PEAK                   PROMINENCE    SA.     HEIGHT    Date   
CA Thompson Peak        3914+40    5080    8994        8-14-2009
CA Russian Peak            2230+40    5960    8190        8-15-2009
CA Indian Creek Baldy     2139+66    4134    6273        8-15-2009
CA Boulder Peak            2899+40    5400    8299         8-16-2009
CA Cottonwood Peak      2088+40    4520    6608        8-16-2009
CA Black Mountain         2428+16    2690    5118         8-17-2009
CA The Whaleback         2488+40    6040    8528         8-17-2009
CA Ash Creek Butte       2258+40    6120    8378         8-17-2009
CA Mount Hoffman         2353+40    5560    7913         8-18-2009
CA Lyons Peak               800+80    7080    7880         8-18-2009
CA Antelope Mountain    1917+20    5760    7677         8-19-2009
CA Keddie Peak             2139+80    5360    7499         8-19-2009
CA NE of Kettle Rock     2320+80    5520    7840         8-19-2009
CA Kettle Rock                 80+80    7720    7800         8-19-2009
CA Bald Eagle Mountain 2703+40    4480    7183         8-20-2009
CA East of Adams Peak  2160+80    6000    8160         8-20-2009
CA Adams Peak                37+40    8160    8197         8-20-2009
NV SW of Peavine Peak   2186+40    6080    8266         8-21-2009
NV Peavine Peak                40+80    8200    8240         8-21-2009

Thompson Peak
    Dennis Poulin did this as a day hike:

    7200' gain in a day is a bit much for me (way much, in fact),
    so I headed in about noon, and backpacked at Grizzly Meadows.
    The next day I summited and hiked out.

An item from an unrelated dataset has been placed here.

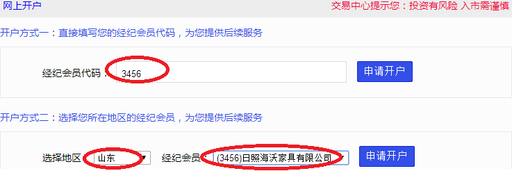2、填写会员单位号段“3456”,“或选择地区:山东,会员单位:(3456)日照海沃家具有限公司,”点击右侧“申请开户”。

    A couple things to watch for:

    1) The 7.5' topo shows the trail head 1/4 mile SE of the word
    "China" in China Creek. This trail is abandoned, and
    passes through a badly burnt area. The real trail head
    is found off a new road, shown on the 1:100,000
    map. This new road tees off to the south at saddle
    4160+80, about one road mile before the abandoned trail.
    By mistake I hiked the abandoned trail, and had to
    bypass a few fallen trees. This will be a lot
    worse in the coming years, as more trees topple.

    2) As you approach the rugged summit from the west,
    Dennis writes:  "I had to down climb about 20 ft before going
    back up to the summit. There is a nice scramble to get on top
    of the highest rock."

    I'd call this route a stiff Class 3, and found the down climb
    (and return up climb) to be worse than the "scramble" up
    the highest summit outcrop. This down climb would give my
    wife fits - or perhaps stop her cold. It is possible that
    a long descent to the south - and then climb back up -
    would let you bypass the 20 foot down climb.

Russian Peak
    The "Russian TH" shown on:
    is moved north about 0.1 miles, and 300 feet uphill.
    There is a big parking area here, handy for bush camping.

    An unmapped abandoned road/trail contours nicely to the west,
    and intersects the Bingham Lake trail at perhaps 7600'.

    As Dennis mentions in his TR, the ridge east of Bingham Lake
    is a rock climbers paradise. Hikers will want to descend to the lake
    and follow Dennis's route.

    Dennis describes the Bingham Lake to Russian Peak bushwack as:
    "The slope is steep and there was little brush and the footing was OK"

    In spots you will find brush abundant, and footing sketchy,
    but the "steep" part is dead on.

    The tip top rock is a sharp, lightning blasted fang that took
    a little Class 3 work to get my hand on top of, and head above.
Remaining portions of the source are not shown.